* BRIEF: Pictures are to be left out, and only the lines below starting at the one with "Bej renkli, düğmeli" and ending at the one with "8月11日,工人在武漢綠地中" are to be reproduced, each exactly, both ends included.
:: DATA UNDER STUDY ::
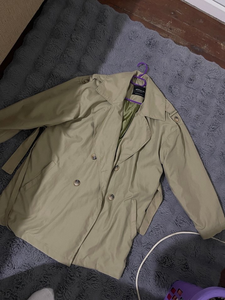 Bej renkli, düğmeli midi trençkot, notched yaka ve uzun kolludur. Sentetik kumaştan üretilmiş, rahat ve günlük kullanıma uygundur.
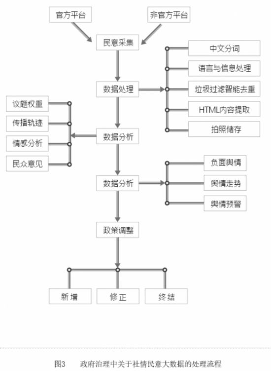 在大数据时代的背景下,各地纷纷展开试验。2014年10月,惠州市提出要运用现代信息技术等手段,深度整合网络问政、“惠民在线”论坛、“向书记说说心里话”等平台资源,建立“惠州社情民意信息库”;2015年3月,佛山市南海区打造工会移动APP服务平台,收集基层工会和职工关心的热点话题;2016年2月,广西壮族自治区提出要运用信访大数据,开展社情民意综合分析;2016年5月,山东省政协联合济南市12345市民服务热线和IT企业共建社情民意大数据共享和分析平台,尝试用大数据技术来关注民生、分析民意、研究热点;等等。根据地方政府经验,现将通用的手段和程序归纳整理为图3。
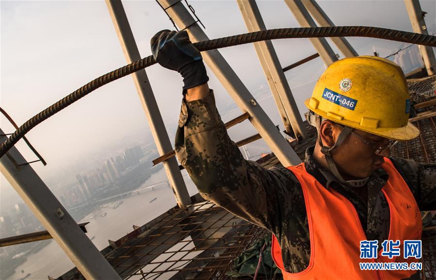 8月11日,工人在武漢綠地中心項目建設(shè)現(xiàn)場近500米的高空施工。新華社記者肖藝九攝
:::
:: DATA UNDER STUDY ::
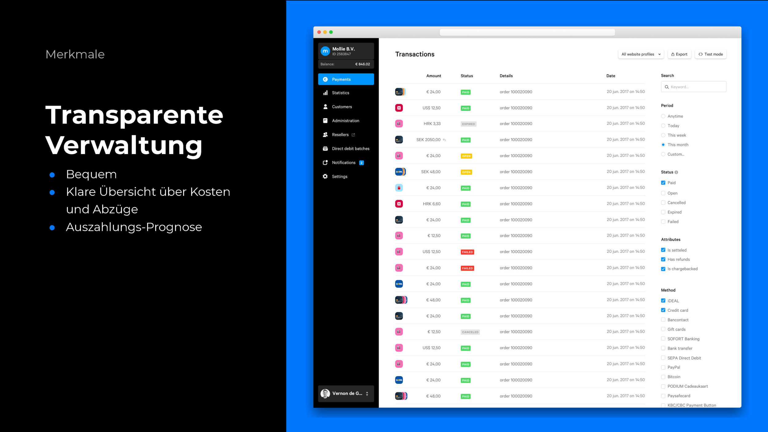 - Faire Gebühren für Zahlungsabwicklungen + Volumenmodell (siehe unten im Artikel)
:::
:: DATA UNDER STUDY ::
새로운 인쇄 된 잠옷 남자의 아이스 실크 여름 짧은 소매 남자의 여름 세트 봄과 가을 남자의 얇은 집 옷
:::
* FINAL ANSWER:
 Bej renkli, düğmeli midi trençkot, notched yaka ve uzun kolludur. Sentetik kumaştan üretilmiş, rahat ve günlük kullanıma uygundur.
 在大数据时代的背景下,各地纷纷展开试验。2014年10月,惠州市提出要运用现代信息技术等手段,深度整合网络问政、“惠民在线”论坛、“向书记说说心里话”等平台资源,建立“惠州社情民意信息库”;2015年3月,佛山市南海区打造工会移动APP服务平台,收集基层工会和职工关心的热点话题;2016年2月,广西壮族自治区提出要运用信访大数据,开展社情民意综合分析;2016年5月,山东省政协联合济南市12345市民服务热线和IT企业共建社情民意大数据共享和分析平台,尝试用大数据技术来关注民生、分析民意、研究热点;等等。根据地方政府经验,现将通用的手段和程序归纳整理为图3。
 8月11日,工人在武漢綠地中心項目建設(shè)現(xiàn)場近500米的高空施工。新華社記者肖藝九攝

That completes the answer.